=== Entries shown ===

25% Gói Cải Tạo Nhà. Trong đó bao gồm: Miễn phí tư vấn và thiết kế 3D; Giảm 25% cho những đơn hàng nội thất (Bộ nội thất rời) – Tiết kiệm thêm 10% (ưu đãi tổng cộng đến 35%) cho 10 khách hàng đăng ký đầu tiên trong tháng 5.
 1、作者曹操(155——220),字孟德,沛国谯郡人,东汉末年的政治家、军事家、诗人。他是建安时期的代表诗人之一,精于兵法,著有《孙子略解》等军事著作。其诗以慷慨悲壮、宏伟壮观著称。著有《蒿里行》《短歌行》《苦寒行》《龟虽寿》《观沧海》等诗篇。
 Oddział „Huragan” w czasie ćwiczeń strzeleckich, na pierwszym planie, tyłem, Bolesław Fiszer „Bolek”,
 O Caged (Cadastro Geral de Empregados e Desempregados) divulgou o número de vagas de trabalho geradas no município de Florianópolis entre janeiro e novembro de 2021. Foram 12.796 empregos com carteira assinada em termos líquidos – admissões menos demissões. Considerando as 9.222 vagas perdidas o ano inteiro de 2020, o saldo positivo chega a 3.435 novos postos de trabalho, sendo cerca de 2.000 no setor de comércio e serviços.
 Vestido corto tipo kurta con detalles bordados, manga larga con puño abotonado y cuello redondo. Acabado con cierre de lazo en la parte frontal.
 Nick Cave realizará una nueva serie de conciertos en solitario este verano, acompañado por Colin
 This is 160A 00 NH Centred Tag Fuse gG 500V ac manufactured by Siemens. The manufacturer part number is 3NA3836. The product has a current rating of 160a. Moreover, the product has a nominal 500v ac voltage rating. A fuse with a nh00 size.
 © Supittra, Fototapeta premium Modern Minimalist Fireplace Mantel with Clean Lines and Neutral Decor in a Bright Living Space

===
=== Entries shown ===

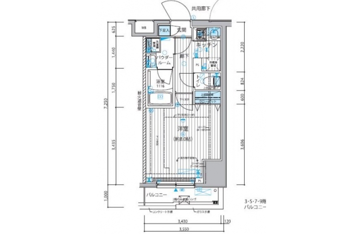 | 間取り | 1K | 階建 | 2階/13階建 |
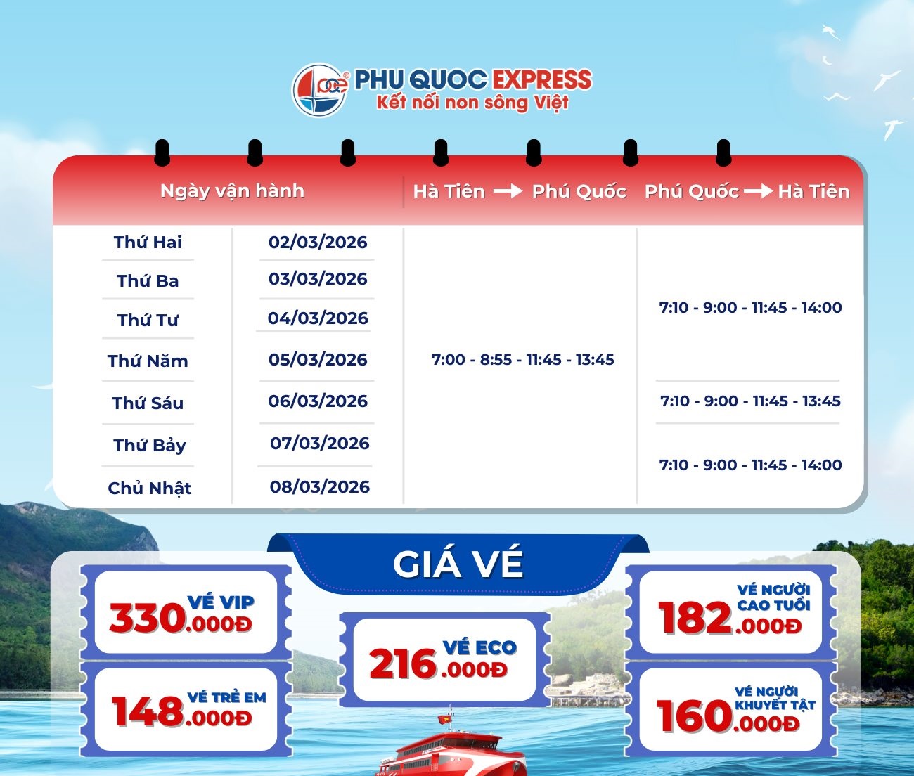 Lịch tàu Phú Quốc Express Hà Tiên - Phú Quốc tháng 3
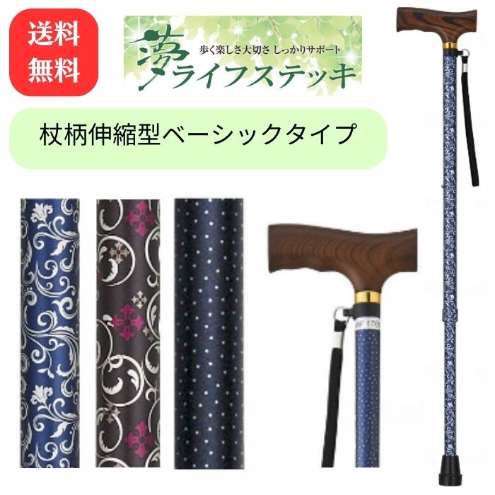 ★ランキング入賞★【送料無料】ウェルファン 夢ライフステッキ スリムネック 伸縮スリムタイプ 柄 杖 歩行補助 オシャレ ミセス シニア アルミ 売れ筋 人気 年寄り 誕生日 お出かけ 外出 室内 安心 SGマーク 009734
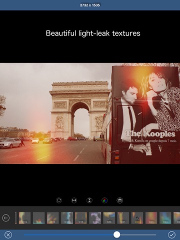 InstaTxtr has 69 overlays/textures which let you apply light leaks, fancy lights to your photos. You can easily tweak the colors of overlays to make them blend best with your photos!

===

Work instruction: Only the lines above from the one with "25% Gói Cải" up to and including the one with "w czasie ćwiczeń" should be repeated, exactly as written.

Exercise response:
25% Gói Cải Tạo Nhà. Trong đó bao gồm: Miễn phí tư vấn và thiết kế 3D; Giảm 25% cho những đơn hàng nội thất (Bộ nội thất rời) – Tiết kiệm thêm 10% (ưu đãi tổng cộng đến 35%) cho 10 khách hàng đăng ký đầu tiên trong tháng 5.
 1、作者曹操(155——220),字孟德,沛国谯郡人,东汉末年的政治家、军事家、诗人。他是建安时期的代表诗人之一,精于兵法,著有《孙子略解》等军事著作。其诗以慷慨悲壮、宏伟壮观著称。著有《蒿里行》《短歌行》《苦寒行》《龟虽寿》《观沧海》等诗篇。
 Oddział „Huragan” w czasie ćwiczeń strzeleckich, na pierwszym planie, tyłem, Bolesław Fiszer „Bolek”,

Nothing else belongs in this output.